This study introduces an approach to mitigate the reluctance of households to adopt dynamic electricity tariffs by proposing individual price contracts tailored to household characteristics. These contracts guarantee individual electricity rates to households with flexibility potential, such as thermal or electrical storage and the thermal mass of buildings, in exchange for granting aggregators operational control. The household-specific contracts are determined and evaluated through a three-step process, combining deterministic and stochastic modeling. First, an optimization problem for the operation of home energy management systems is formulated. The proposed model incorporates the thermal inertia of buildings as a flexibility potential, an aspect frequently overlooked in existing studies. Then, a Monte Carlo simulation of household parameter combinations is run, followed by a quantile regression prediction of household-level low-price guarantees. The simulations of 9404 household configurations in Germany demonstrate that aggregator-managed flexibility consistently lowered electricity costs by an average of 7.36% (2.5 ct/kWh) compared to static tariffs, with 78.4% of households achieving rates below the competitive retail benchmark.
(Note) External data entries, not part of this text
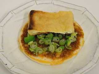 ネギと油あげを乗せて作った、きつね風めんつゆピザ。ラーメンスープ以上に、めんつゆの和風のにおいが漂ってくる勢いがすごい。見た目でも、においの面でも解釈しがたいものができた。
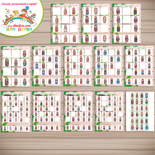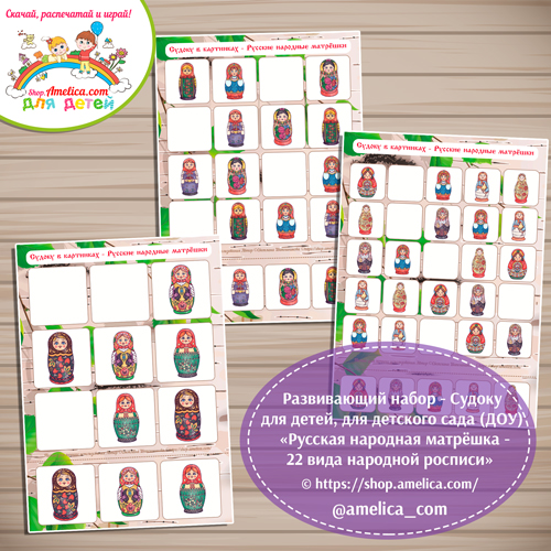 Развивающий набор — Судоку для детей, для детского сада (ДОУ) «Русская народная матрёшка — 22 вида русской народной росписи» шаблон скачать для печати
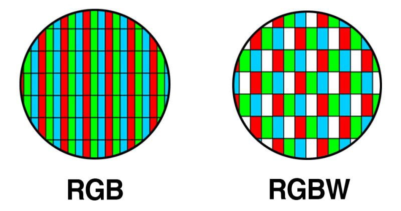 RGBW 방식은 높은 색재현율을 갖고 있으며, 고해상도 구현 시 유리하고, 흰색 배경 구현 시 소비전력도 낮은 특성이 있습니다.
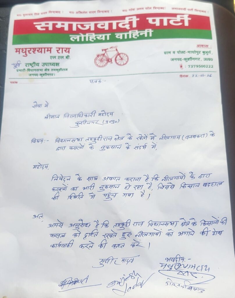 मधुरश्याम राय ने पत्र में स्पष्ट कहा है कि यदि समय रहते ठोस कदम नहीं उठाए गए तो किसानों की स्थिति और भयावह हो जाएगी। उन्होंने मांग की है कि तमकुहीराज क्षेत्र में नीलगायों से फसलों की रक्षा हेतु प्रभावी योजना बनाकर शीघ्र कार्रवाई की जाए, ताकि किसानों को राहत मिल सके।
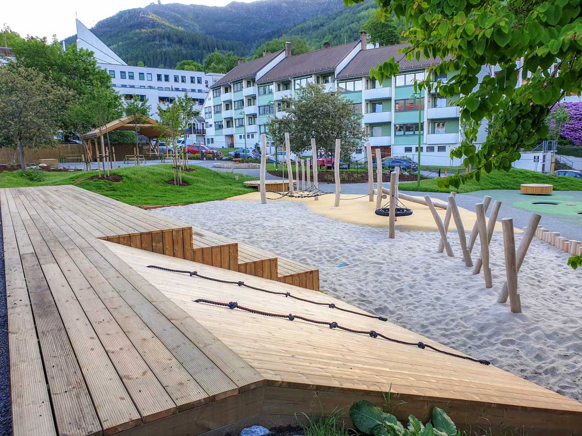 Tveiteparken lekeplass oppgraderes for Bergen Kommune som musikk og sanselekeplass. I Tveiteparken monterer vi diverse aktivitets utstyr, rutsjebane fra fjell, trampoliner, line mellom trær.
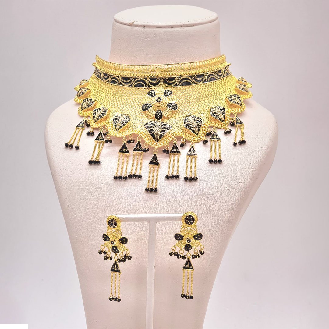 The ElegantRoseJewellery necklace set features a stunning gold plating with intricate designs, ideal for both traditional and modern styles.
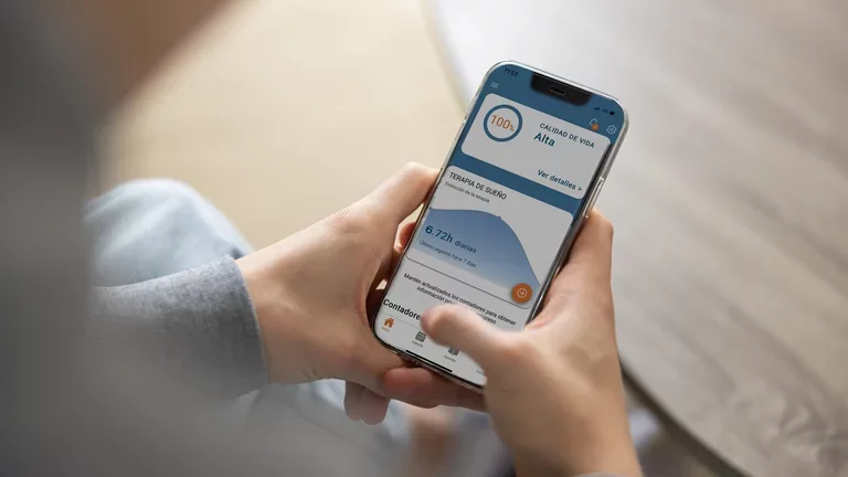 "Mi VitalAire me ayuda en el seguimiento de mi terapia respiratoria. Con los contenidos de la App, aprendo cada día consejos nuevos para mejorar mi adherencia al tratamiento", declara Marta, paciente de apnea del sueño.
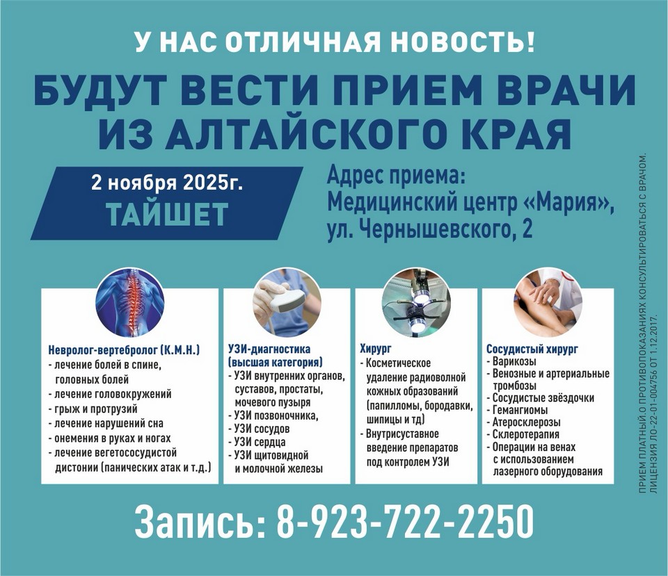 2 ноября 2025 года в Тайшете по адресу: улица Чернышевского, 2 (медицинский центр «Мария») будут вести…
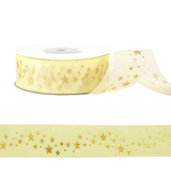 Лента капрон 25мм со звездочками арт.SF-6140 кремовый/золото
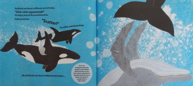 When Uki comes up to breathe, he’s safe but alone save for seabirds so he sings a calling song grandpa had taught him and gradually the pod reassembles but there’s no sign of Amka. Later he’s discovered entangled in a piece of fishing net, deep in the seaweed but the Orcas have found the Humpback pod. “Be brave” was what Grandpa Yuka had told Uki and so he sings loudly causing the Orcas to move right close. However rather than attacking, they follow their queen’s instructions and free Amka in return for something Grandpa Yuka had done long ago. The Orca queen also gives another instruction – what could it have been and will it help the Humpback pod to reach their Polar destination?
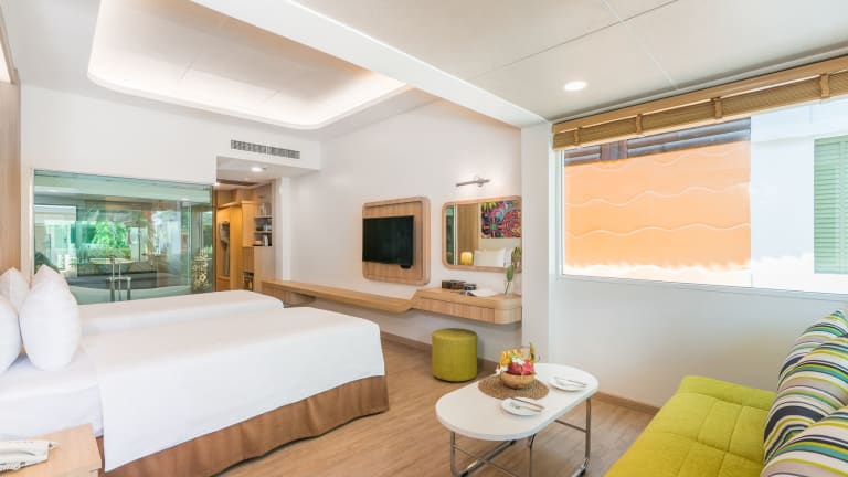 Das Chaba Cabana Beach Resort hat 80 Wohneinheiten mit Klimatisierung. Das Hotel befindet sich direkt an einem wunderschönen Sandstrand, der auch ein Strandclub Café mit internationalen Gerichten hat, Snacks und Cocktails und ein Restaurant mit die viele Sitzgelegenheiten im Freien Blick auf den Strand. Weckdienst und Wäscheservice runden das Dienstleistungspaket ab. Eine kostenfreie Parkmöglichkeit ist am Hotel vorhanden. Die Rezeption des Hotels kümmert sich gerne um einen Shuttle-Service zum Center Chaweng-Strand und das Chaba Samui Resort.
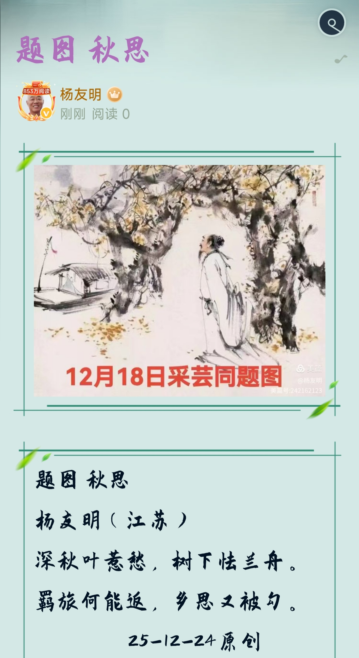 回归生活本真:现代诗坛部分作品存在脱离生活、过度追求抽象意境的问题。而杨友明诗词以日常生活为素材,如《五绝·城中征留地》中“种点时蔬菜,只为尝个鲜”,将种菜等日常小事入诗。这启示诗人应扎根生活,让诗歌反映真实的人间百态,重拾生活气息,避免陷入空洞无物的创作误区。
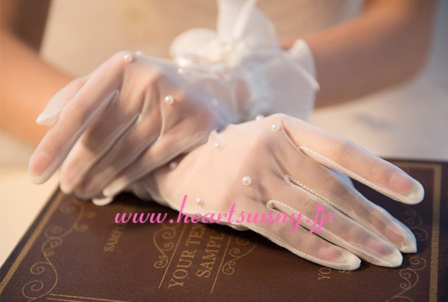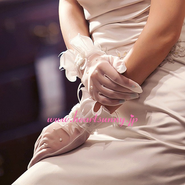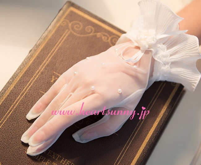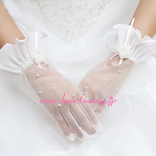 ウェディンググローブ オーガンジーショート パール リボン フリル S079

Aggregators also realized higher profitability on a per-household basis across all three analyzed years compared to scenarios without flexibility control. Our results demonstrate that building parameters, particularly thermal inertia, substantially influence the available flexibility potential and should be considered a key factor in the design of household-level guarantee contracts. The study contributes to understanding and quantifying uncertainty in dynamic tariffs for households, aiming to advance the utilization of household demand response potential in modern power markets.

Suggested Citation

  • Semmelmann, Leo & Kimbrough, Steven O. & Staudt, Philipp, 2026. "Aggregator electricity price guarantees for households with flexibility potential utilizing thermal building inertia," Applied Energy, Elsevier, vol. 409(C).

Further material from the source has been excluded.